According to this, the voltage applied to the corona discharge of the ion generator (2) can be lowered to reduce the generation of ozone O ₃ and NOx. The generation of nitrogen oxide compounds can be reduced, and the occurrence of image deletion can be reduced.

(7) It is arranged to face the image carrier (1),
In a charging device having at least the wire (21) and applying a high voltage to the wire to generate ions or electrons to charge the image carrier, the cross-sectional shape of the wire is made oval or elliptical. A charging device (2), wherein the wire surface is plated.

(8) It is arranged to face the image carrier (1),
In a charging device having at least a wire and applying a high voltage to the wire to generate ions or electrons to charge the image carrier, a cross-sectional shape of the wire is formed into an ellipse or an ellipse, and carbon is formed on the surface. A charging device, which has been subjected to a coating process.

(9) The charging device according to (7) or (8), wherein the wire (21) is twisted around its longitudinal axis.

(10) The gas (O) generated from the charging device by having the charging device according to any one of (1) to (3) above.
_3. An image forming apparatus characterized in that it prevents NOx) from adhering to the image carrier (1).

Other objects and features of the present invention will become apparent from the following description of embodiments with reference to the drawings.

[0024]

FIG. 1 is a schematic diagram showing an example of an image forming apparatus provided with a charging device 2 which is an ion generator according to an embodiment of the present invention. The image forming apparatus of this example is a printer using a transfer type electrophotographic process or a printer unit of a copying machine.

Reference numeral 1 denotes an image carrier as a member to be charged. This embodiment is an electrophotographic OPC photoreceptor of a negative polarity and a rotating drum type having a diameter of 30 mm and a length of 340 mm, and is rotated in the clockwise direction of an arrow at a process speed (peripheral speed) of 125 mm / sec.

The charging device 2 is a corona charger 2 disposed opposite to the photoconductor 1, and applies a high voltage to the charge wire 21 to generate a discharge phenomenon to charge the OPC photoconductor.
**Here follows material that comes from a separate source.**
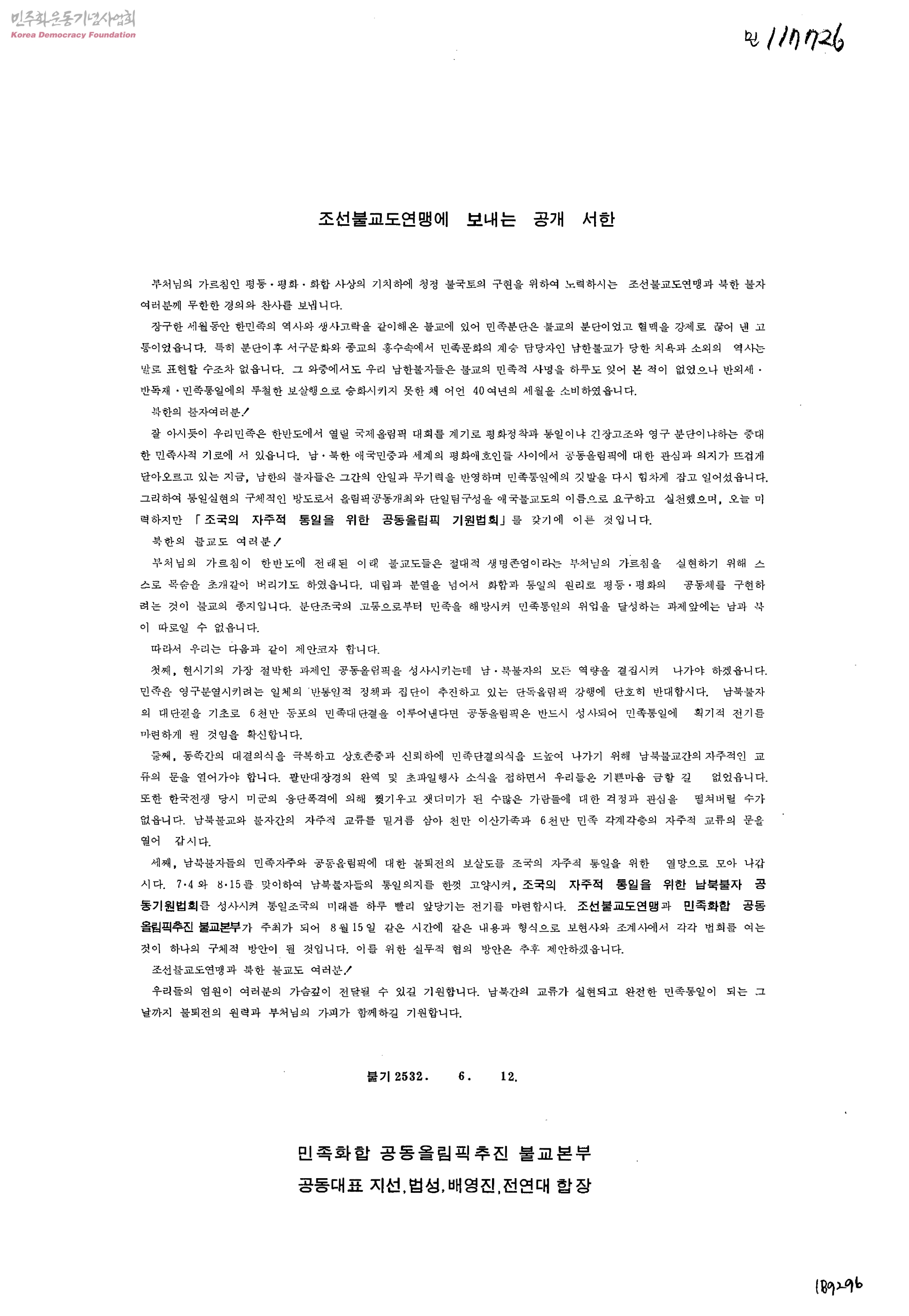- 민족화합공동올림픽추진불교본부공동대표지선,법성,배영진,전연대합장

Normally, a grid 22 is arranged between the charge wire 21 and the photoconductor 1, so that more uniform charging can be performed. 21 PS is a charging bias application power supply for supplying power to the corona charger 2. In this embodiment, a predetermined charging bias is applied to the charge wire 21 from the power supply 21PS to uniformly charge the peripheral surface of the rotary photoconductor 1 to a surface potential of -960V.
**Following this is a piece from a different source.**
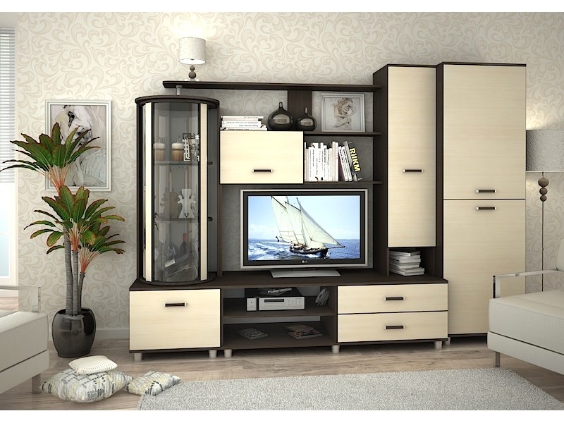 Комплектация - шкаф распашной, пенал, центральная часть с полками и ТВ нишей, зеркало.

The charged surface of the rotary photoreceptor 1 is subjected to laser beam scanning exposure of image information by the image exposing device 3 to form an electrostatic latent image corresponding to the exposed image information on the surface of the rotary photoreceptor 1. Is done. Next, the electrostatic latent image is stored in the developing device 4.
, The toner is attached, and the toner image is sequentially visualized as a toner image. The developing device 4 of the present embodiment is a two-component contact developing system, in which a rotating developing sleeve 41 as a developer carrying member is disposed at a distance of 0.6 mm from the photoconductor 1, and a power source 42 is connected to the developing sleeve 41. Therefore, a developing bias from a DC power supply of -600 V is applied. Further, a minus toner was used as the toner. Here, the two-component developing device 4
However, there is no problem even if another two-component developing device or one-component developing device is used.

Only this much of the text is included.